5 terjadinya proliferasi jaringan prostat (Gokce dkk, 2010). Selain itu pada pasien dengan obesitas terjadi peningkatan jaringan adipose yang berakibat peningkatan sekresi hormone leptin, hormone leptin menstimulasi proliferasi sel jaringan prostat dan kemudian terjadi BPH (Mohammed dkk, 2012). Dari keterangan hal diatas bisa ditarik kesimpulan bahwa peningkatan kadar PSA pada pasien dengan BPH berhubungan atau dipengaruhi dengan banyak faktor, pada penelitian ini penulis mencoba mencari apakah peningkatan kadar PSA lebih sering terjadi pada pasien BPH dengan usia >50 tahun, infeksi saluran kemih, inflamasi, obesitas. Dengan mengontrol faktor resiko diatas seperti infeksi saluran kemih, inflamasi, obesitas, kita dapat menghambat progresivitas dari BPH sehingga dapat memberikan terapi yang efektif dan meningkatkan kualitas hidup penderita. 1.2 Rumusan Masalah 1. Apakah peningkatan serum PSA lebih sering terjadi pada penderita BPHdengan usia> 50 tahun? 2. Apakah peningkatan serum PSA lebih sering terjadi pada penderita BPH dengan infeksi saluran kemih? 3. Apakah peningkatan serum PSA lebih sering terjadi pada penderita BPH dengan inflamasi prostat? 4. Apakah peningkatan serum PSA lebih sering terjadi pada penderita BPH dengan obesitas?

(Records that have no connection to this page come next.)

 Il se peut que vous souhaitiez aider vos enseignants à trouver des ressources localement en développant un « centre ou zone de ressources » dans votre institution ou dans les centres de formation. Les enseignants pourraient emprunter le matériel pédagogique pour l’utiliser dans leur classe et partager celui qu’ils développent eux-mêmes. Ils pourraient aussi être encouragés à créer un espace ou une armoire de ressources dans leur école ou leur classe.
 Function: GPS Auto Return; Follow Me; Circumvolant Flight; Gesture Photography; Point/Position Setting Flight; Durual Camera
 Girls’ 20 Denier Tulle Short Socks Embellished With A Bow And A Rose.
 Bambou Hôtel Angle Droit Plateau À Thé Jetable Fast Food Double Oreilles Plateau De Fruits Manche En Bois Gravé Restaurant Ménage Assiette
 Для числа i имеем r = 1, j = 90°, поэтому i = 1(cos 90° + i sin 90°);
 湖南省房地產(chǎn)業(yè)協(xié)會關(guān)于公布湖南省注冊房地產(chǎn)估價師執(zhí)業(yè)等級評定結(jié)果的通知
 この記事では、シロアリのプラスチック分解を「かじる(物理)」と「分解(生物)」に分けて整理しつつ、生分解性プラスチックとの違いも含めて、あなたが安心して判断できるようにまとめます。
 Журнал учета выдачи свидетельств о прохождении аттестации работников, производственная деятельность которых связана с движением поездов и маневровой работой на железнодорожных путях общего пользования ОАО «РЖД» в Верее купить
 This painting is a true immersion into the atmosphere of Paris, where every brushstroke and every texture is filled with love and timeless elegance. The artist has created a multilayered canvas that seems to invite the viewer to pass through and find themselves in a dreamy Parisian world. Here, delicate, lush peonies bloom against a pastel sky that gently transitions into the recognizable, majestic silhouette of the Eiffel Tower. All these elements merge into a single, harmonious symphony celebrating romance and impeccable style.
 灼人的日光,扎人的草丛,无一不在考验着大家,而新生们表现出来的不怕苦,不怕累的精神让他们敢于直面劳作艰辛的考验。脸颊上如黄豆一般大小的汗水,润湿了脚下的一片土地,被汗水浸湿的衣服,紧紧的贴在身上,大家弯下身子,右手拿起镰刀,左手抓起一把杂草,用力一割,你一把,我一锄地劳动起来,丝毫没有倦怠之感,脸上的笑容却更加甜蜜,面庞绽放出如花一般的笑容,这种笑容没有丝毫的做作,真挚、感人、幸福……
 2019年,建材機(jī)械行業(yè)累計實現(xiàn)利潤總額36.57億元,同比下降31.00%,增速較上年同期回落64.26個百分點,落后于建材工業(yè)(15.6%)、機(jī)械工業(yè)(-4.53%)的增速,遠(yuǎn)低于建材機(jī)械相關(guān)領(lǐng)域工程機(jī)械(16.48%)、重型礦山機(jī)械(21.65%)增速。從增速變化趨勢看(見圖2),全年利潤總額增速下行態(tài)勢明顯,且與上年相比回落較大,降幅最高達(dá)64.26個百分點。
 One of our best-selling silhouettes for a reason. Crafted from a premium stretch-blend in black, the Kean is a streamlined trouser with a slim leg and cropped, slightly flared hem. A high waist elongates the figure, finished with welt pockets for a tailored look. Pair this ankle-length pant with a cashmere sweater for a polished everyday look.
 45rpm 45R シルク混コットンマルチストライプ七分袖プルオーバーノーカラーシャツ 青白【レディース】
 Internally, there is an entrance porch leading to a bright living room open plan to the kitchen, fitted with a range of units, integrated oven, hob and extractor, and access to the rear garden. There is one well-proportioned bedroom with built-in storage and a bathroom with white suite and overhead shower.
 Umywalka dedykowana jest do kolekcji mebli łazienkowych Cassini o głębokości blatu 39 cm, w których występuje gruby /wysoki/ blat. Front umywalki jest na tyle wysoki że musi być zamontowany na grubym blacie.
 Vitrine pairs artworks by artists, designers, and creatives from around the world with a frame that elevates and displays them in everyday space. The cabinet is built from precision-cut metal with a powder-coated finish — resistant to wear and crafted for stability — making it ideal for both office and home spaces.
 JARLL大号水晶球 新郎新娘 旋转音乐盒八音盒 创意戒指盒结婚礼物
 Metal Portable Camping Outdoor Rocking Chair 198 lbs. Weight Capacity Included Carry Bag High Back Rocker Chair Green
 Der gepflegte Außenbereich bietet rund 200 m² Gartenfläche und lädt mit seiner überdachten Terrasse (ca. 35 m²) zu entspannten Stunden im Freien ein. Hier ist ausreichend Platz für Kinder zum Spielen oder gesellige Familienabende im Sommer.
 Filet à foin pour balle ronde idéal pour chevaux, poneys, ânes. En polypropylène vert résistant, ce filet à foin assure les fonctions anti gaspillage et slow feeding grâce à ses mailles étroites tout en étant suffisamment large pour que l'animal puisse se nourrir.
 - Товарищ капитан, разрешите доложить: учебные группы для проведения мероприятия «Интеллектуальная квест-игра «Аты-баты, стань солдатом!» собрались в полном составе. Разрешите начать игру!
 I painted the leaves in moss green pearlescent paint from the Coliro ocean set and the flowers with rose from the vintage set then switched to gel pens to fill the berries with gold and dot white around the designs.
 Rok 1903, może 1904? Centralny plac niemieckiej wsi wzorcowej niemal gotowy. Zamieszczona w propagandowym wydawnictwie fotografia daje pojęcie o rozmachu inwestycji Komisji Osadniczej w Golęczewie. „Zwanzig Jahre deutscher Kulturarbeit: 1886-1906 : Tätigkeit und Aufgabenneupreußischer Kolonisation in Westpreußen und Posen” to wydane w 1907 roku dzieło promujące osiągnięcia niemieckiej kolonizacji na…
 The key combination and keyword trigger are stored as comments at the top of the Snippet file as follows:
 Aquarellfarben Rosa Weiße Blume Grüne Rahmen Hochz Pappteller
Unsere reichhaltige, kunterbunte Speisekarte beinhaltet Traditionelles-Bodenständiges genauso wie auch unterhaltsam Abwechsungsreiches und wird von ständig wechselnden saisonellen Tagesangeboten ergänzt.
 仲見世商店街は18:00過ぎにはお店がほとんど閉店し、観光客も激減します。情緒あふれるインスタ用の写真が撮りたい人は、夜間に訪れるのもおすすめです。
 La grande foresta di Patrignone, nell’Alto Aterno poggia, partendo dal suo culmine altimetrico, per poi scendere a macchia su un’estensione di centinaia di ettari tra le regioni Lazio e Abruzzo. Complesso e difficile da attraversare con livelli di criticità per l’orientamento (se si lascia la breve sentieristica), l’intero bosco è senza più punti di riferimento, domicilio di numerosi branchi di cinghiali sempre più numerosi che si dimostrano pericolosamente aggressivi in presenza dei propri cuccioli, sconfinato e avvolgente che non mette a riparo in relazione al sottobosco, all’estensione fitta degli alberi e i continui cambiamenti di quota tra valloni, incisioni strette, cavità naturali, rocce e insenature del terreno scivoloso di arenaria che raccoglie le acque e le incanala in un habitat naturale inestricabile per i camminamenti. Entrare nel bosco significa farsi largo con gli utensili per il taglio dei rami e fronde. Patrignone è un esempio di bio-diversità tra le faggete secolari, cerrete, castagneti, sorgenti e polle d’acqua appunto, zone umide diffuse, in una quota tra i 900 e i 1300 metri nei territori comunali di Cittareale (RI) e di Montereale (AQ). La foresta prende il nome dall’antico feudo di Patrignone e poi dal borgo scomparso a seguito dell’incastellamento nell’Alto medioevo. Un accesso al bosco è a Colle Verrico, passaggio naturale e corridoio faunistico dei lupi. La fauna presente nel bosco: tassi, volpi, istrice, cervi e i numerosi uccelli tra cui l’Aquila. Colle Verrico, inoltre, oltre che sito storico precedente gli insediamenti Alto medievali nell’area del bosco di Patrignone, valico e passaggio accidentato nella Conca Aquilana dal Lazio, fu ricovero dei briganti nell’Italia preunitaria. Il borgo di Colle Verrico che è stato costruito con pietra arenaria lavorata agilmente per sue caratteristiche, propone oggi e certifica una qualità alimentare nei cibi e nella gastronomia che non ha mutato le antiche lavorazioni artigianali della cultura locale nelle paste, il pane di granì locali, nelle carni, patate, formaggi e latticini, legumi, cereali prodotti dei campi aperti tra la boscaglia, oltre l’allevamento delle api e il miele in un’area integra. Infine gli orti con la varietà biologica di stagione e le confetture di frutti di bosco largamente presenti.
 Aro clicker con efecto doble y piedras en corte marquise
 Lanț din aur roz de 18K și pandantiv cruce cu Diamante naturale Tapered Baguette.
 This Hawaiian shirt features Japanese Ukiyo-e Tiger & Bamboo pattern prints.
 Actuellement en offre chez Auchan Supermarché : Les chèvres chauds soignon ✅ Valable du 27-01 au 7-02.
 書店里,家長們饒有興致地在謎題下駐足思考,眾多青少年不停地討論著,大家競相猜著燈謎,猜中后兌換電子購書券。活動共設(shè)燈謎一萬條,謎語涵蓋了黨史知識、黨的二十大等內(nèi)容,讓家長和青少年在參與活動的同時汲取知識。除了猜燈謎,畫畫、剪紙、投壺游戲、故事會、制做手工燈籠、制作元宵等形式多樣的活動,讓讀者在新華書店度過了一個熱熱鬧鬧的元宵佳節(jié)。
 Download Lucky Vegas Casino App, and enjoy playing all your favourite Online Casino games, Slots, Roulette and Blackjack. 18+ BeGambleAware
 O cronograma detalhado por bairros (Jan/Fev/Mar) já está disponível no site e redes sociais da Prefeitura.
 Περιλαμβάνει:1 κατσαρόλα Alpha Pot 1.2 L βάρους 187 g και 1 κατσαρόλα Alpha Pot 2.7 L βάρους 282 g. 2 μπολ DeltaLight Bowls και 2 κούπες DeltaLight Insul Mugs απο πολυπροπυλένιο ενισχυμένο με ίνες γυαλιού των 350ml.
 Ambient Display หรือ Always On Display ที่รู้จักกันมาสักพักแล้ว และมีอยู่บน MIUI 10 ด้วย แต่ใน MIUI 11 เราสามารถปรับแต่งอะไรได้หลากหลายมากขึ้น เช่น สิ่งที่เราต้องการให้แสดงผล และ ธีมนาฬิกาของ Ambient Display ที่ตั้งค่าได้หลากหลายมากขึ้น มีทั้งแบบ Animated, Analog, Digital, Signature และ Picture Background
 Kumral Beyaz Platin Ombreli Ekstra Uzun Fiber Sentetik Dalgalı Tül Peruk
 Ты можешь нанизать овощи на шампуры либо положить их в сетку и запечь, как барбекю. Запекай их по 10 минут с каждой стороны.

6 1.3 Tujuan Penelitian 1.3.1 Tujuan Umum Untuk mengetahui apakah peningkatan kadar PSA pada penderita BPH lebih sering terjadi dengan bertambahnya usia (> 50 tahun), infeksi saluran kencing, inflamasi, obesitas. 1.3.2 Tujuan Khusus 1. Mengetahui peningkatan serum PSA lebih sering terjadi pada penderita BPH dengan peningkatan usia. 2. Mengetahui peningkatan serum PSA lebih sering terjadi pada penderita BPH dengan infeksi saluran kemih. 3. Mengetahui peningkatan serum PSA lebih sering terjadi pada penderita BPH dengan inflamasi prostat. 4. Mengetahui peningkatan serum PSA lebih sering terjadi pada penderita BPH dengan obesitas. 1.4. Manfaat Penelitian 1.4.1. Manfaat Akademis Penelitian Penelitian ini diharapkan dapat memberikan gambaran bahwa peningkatan kadar PSA lebih sering terjadi pada pasien BPH dengan bertambahnya usia, infeksi saluran kemih, inflamasi, obesitas. 1.4.2. Manfaat Praktis Penelitian Dengan mengetahui bahwa peningkatan kadar serum PSA lebih sering terjadi pada pasien BPH dengan bertambahnya usia, infeksi saluran kemih, inflamasi, obesitas, kita dapat mengontrol faktor-faktor diatas sehingga dapat

7 menghambat progresivitas dari BPH, oleh karena peningkatan kadar PSA berbanding lurus dengan peningkatan volume prostat pada BPH. Dengan mengetahui bahwa peningkatan kadar serum PSA lebih sering terjadi pada pasien BPH dengan bertambahnya usia, infeksi saluran kemih, inflamasi, obesitas dapat disimpulkan bahwa peningkatan PSA diatas nilai normal tidak bisa dipakai sebagai acuan satu-satunya untuk mendiagnosa ke arah kanker prostat tanpa disertai dengan biopsi prostat.